Supplied material below:
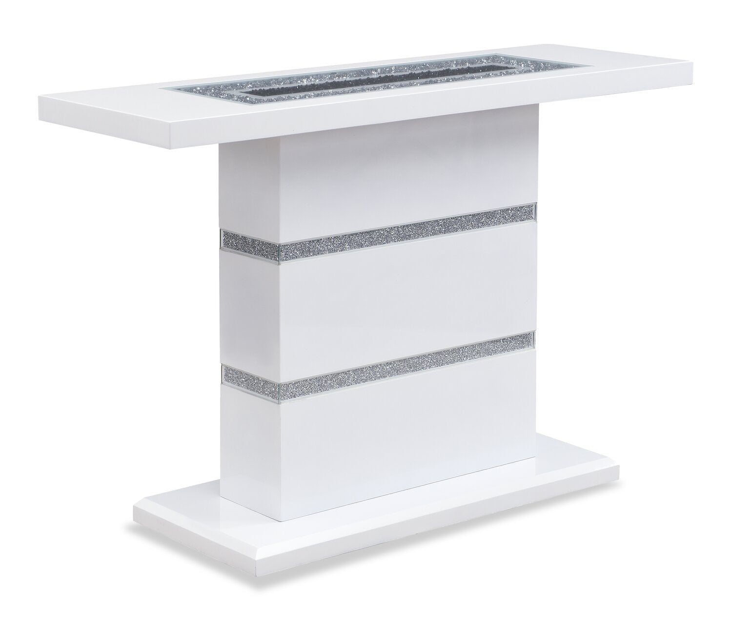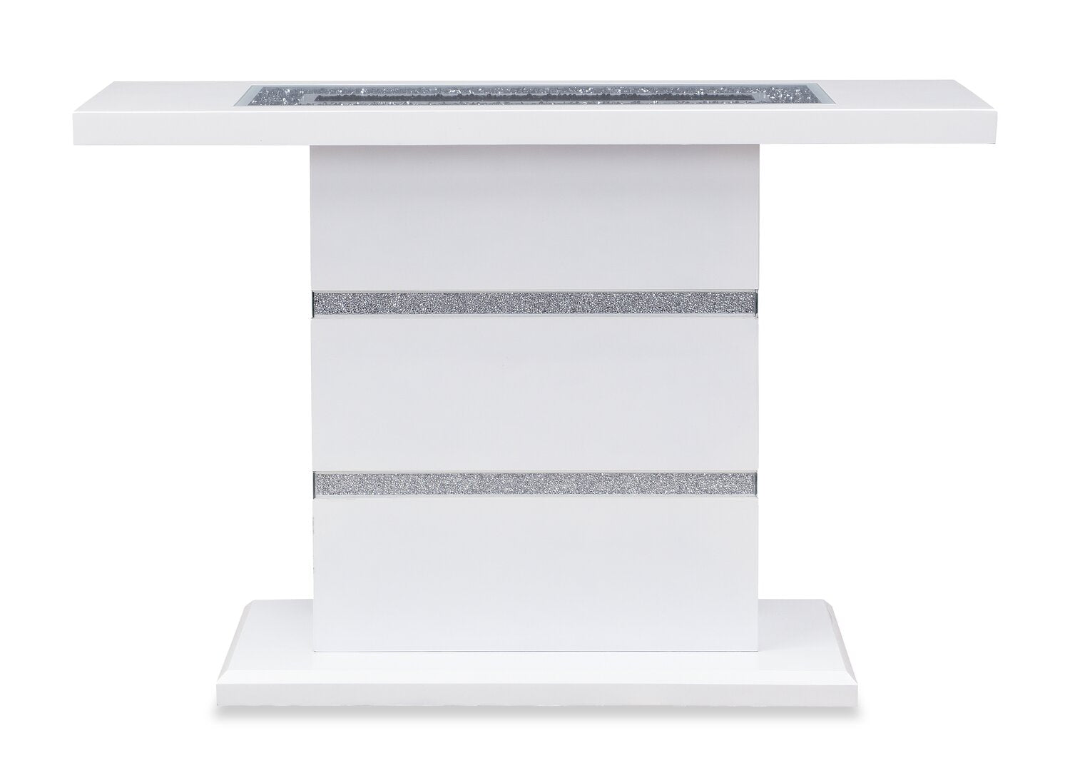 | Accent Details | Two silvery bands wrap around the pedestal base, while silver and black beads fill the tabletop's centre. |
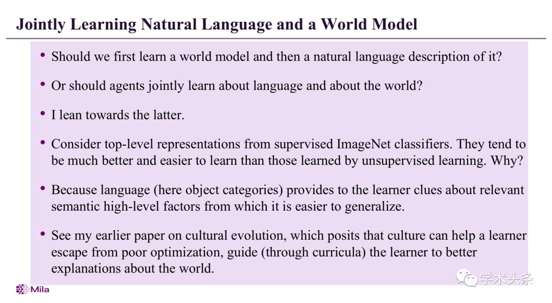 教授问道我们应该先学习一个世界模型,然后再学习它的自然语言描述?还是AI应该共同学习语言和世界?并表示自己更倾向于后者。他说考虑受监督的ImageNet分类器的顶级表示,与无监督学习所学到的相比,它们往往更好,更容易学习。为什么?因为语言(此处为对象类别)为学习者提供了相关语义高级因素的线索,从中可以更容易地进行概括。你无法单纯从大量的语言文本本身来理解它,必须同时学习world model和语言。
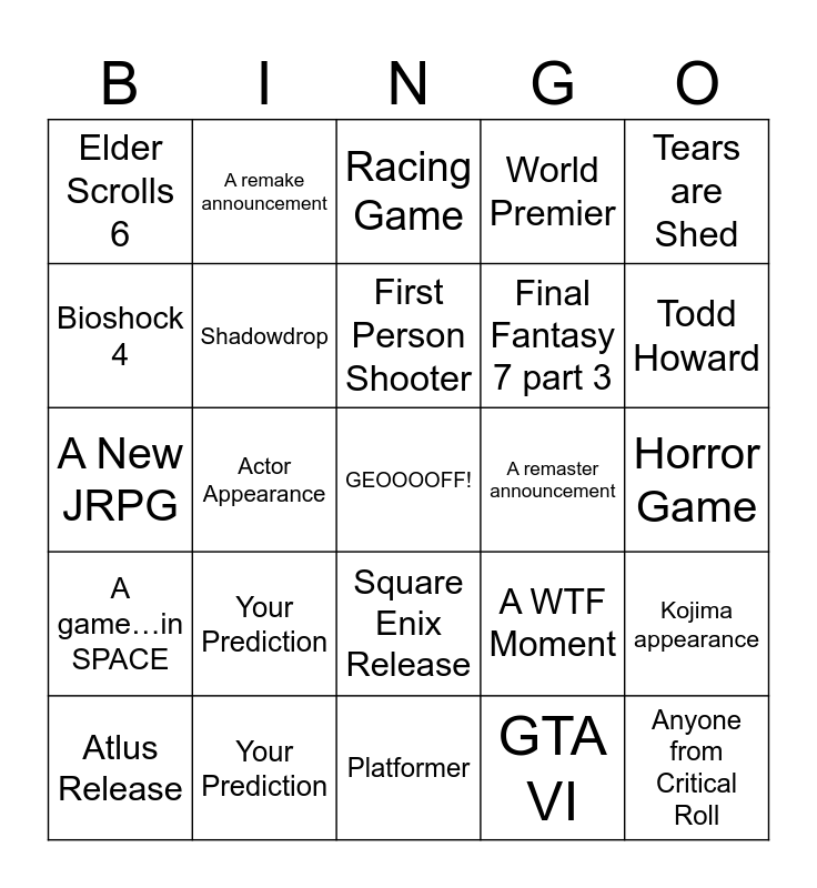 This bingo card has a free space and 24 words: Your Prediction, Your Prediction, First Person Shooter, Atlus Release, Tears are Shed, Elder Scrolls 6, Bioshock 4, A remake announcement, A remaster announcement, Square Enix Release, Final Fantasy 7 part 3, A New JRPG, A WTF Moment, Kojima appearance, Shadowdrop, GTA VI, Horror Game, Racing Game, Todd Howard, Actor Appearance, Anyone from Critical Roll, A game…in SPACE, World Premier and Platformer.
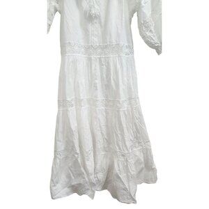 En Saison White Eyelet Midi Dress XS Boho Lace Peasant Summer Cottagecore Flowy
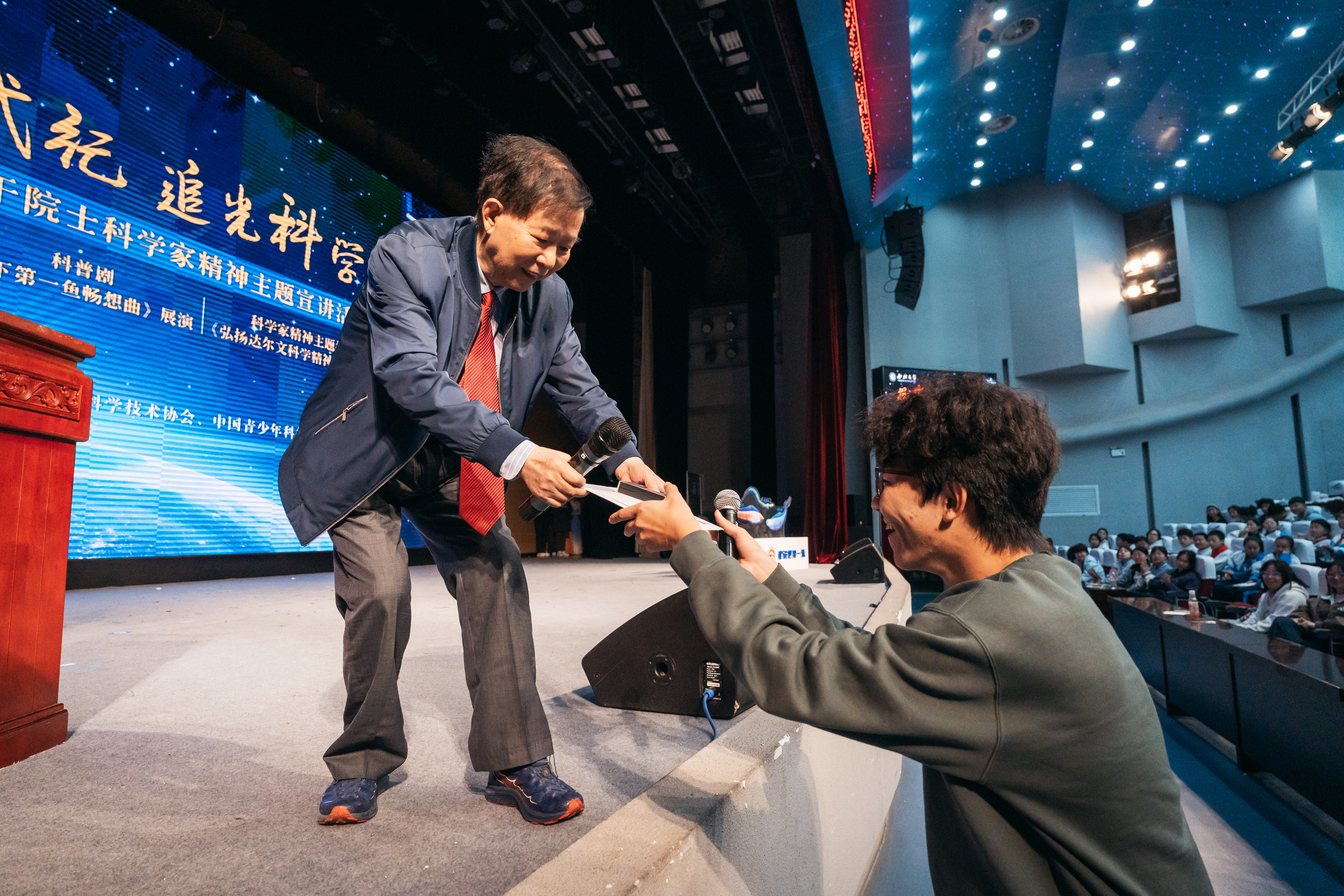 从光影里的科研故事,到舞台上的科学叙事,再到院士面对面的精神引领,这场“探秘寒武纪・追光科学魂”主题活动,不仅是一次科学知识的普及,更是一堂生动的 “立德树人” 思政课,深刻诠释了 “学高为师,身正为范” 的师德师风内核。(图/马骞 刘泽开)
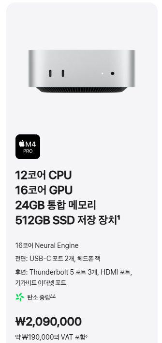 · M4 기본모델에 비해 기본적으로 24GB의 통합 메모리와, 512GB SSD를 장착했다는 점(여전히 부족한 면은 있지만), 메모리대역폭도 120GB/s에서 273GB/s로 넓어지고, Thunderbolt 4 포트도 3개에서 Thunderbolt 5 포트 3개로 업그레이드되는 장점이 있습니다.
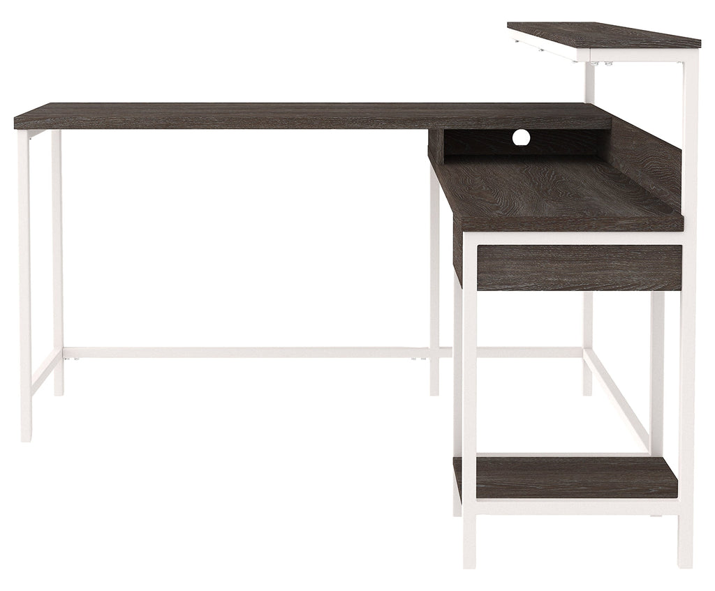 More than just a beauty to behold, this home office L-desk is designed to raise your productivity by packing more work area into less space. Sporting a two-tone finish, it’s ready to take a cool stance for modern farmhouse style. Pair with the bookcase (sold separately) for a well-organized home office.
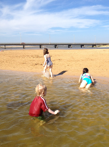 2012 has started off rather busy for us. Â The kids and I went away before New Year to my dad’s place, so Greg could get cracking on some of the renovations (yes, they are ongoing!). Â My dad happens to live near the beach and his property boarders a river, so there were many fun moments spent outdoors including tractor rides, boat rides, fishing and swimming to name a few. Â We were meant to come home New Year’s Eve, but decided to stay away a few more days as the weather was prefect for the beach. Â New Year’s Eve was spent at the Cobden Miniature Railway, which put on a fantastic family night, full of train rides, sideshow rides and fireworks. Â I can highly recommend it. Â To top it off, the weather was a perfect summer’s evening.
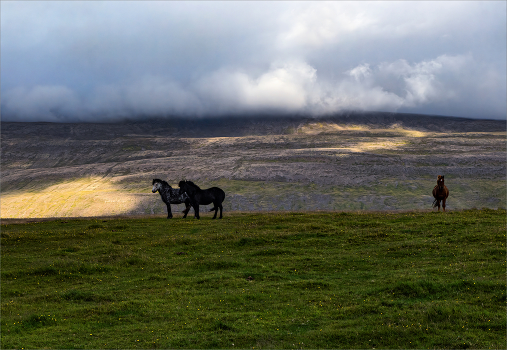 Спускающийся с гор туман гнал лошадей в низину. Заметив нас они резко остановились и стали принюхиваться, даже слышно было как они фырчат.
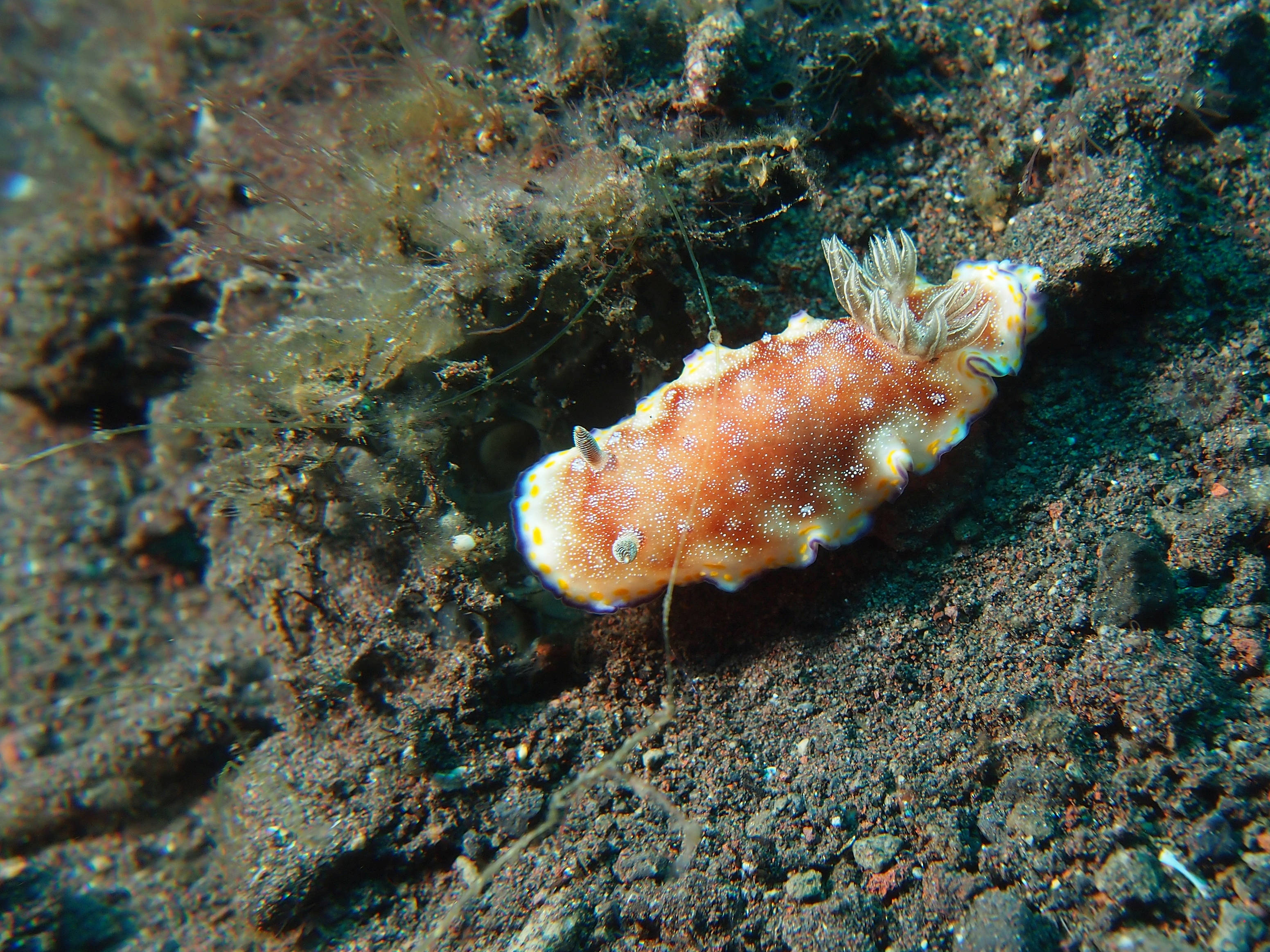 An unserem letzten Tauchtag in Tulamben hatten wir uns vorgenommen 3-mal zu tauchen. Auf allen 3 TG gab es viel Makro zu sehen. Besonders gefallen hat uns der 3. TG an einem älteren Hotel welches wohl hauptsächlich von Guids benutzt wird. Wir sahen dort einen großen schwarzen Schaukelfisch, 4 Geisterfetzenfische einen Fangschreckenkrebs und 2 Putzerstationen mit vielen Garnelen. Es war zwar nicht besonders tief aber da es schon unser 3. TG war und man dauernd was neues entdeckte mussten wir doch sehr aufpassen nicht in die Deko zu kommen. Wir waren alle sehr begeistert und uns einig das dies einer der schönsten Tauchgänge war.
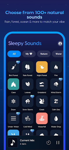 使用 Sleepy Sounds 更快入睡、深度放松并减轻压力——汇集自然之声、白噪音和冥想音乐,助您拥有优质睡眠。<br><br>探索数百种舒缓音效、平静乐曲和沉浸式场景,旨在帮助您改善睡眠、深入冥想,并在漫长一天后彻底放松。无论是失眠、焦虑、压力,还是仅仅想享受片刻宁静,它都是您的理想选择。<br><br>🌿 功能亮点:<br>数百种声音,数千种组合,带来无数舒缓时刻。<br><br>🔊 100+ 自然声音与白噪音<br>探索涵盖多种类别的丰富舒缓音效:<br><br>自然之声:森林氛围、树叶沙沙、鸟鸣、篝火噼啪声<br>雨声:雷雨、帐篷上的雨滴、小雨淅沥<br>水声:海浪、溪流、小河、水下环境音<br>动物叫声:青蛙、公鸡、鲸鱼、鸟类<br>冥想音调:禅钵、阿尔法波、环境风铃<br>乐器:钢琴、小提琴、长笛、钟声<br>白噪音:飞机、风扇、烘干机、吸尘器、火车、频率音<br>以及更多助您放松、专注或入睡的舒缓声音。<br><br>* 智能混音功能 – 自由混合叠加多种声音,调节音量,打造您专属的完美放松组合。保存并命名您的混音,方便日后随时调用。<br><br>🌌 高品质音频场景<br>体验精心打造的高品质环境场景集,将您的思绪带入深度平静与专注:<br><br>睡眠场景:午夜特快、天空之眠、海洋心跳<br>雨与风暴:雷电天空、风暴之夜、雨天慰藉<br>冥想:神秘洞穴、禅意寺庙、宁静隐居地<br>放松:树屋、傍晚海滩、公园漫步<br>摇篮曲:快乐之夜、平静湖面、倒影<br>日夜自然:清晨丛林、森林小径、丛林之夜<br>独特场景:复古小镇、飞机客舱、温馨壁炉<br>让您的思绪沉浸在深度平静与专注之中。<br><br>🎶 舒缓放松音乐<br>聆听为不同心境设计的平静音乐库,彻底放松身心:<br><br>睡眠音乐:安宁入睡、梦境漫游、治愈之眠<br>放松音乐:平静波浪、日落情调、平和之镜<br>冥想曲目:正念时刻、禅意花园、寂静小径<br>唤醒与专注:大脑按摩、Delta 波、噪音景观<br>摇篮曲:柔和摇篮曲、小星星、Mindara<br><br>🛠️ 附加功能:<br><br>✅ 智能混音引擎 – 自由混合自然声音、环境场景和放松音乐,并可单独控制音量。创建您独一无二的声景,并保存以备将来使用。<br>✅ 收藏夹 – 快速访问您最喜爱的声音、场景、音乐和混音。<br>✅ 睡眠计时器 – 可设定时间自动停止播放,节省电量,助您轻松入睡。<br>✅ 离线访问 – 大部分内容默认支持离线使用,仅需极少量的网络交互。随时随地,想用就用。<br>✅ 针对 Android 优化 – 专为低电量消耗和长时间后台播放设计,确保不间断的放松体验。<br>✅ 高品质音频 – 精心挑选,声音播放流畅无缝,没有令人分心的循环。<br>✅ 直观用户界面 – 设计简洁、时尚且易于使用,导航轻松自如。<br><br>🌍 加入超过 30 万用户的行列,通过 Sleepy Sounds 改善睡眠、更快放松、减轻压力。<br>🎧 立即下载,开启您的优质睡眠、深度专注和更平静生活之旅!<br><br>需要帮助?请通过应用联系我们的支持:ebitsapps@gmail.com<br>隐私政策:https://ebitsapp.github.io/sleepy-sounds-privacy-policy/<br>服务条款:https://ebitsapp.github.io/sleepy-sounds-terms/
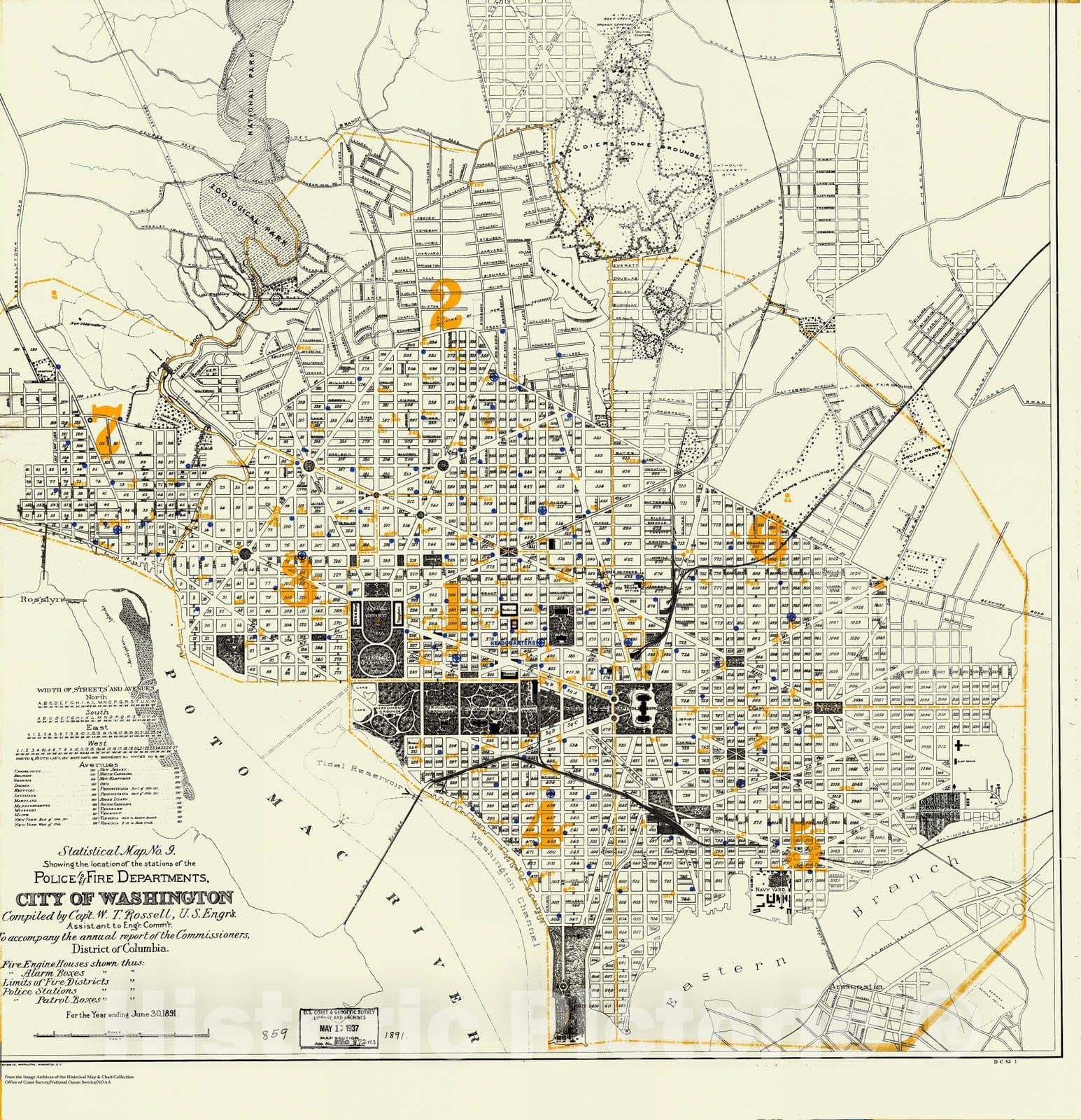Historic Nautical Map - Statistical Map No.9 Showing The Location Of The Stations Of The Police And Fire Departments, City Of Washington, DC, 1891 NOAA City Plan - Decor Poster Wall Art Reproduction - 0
End of Supplied material.
> [Problem requirements]: All lines from the start of the entries above through the line containing "This bingo card" are to be given again exactly; the pictures are not.

> [Result below]:
 | Accent Details | Two silvery bands wrap around the pedestal base, while silver and black beads fill the tabletop's centre. |
 教授问道我们应该先学习一个世界模型,然后再学习它的自然语言描述?还是AI应该共同学习语言和世界?并表示自己更倾向于后者。他说考虑受监督的ImageNet分类器的顶级表示,与无监督学习所学到的相比,它们往往更好,更容易学习。为什么?因为语言(此处为对象类别)为学习者提供了相关语义高级因素的线索,从中可以更容易地进行概括。你无法单纯从大量的语言文本本身来理解它,必须同时学习world model和语言。
 This bingo card has a free space and 24 words: Your Prediction, Your Prediction, First Person Shooter, Atlus Release, Tears are Shed, Elder Scrolls 6, Bioshock 4, A remake announcement, A remaster announcement, Square Enix Release, Final Fantasy 7 part 3, A New JRPG, A WTF Moment, Kojima appearance, Shadowdrop, GTA VI, Horror Game, Racing Game, Todd Howard, Actor Appearance, Anyone from Critical Roll, A game…in SPACE, World Premier and Platformer.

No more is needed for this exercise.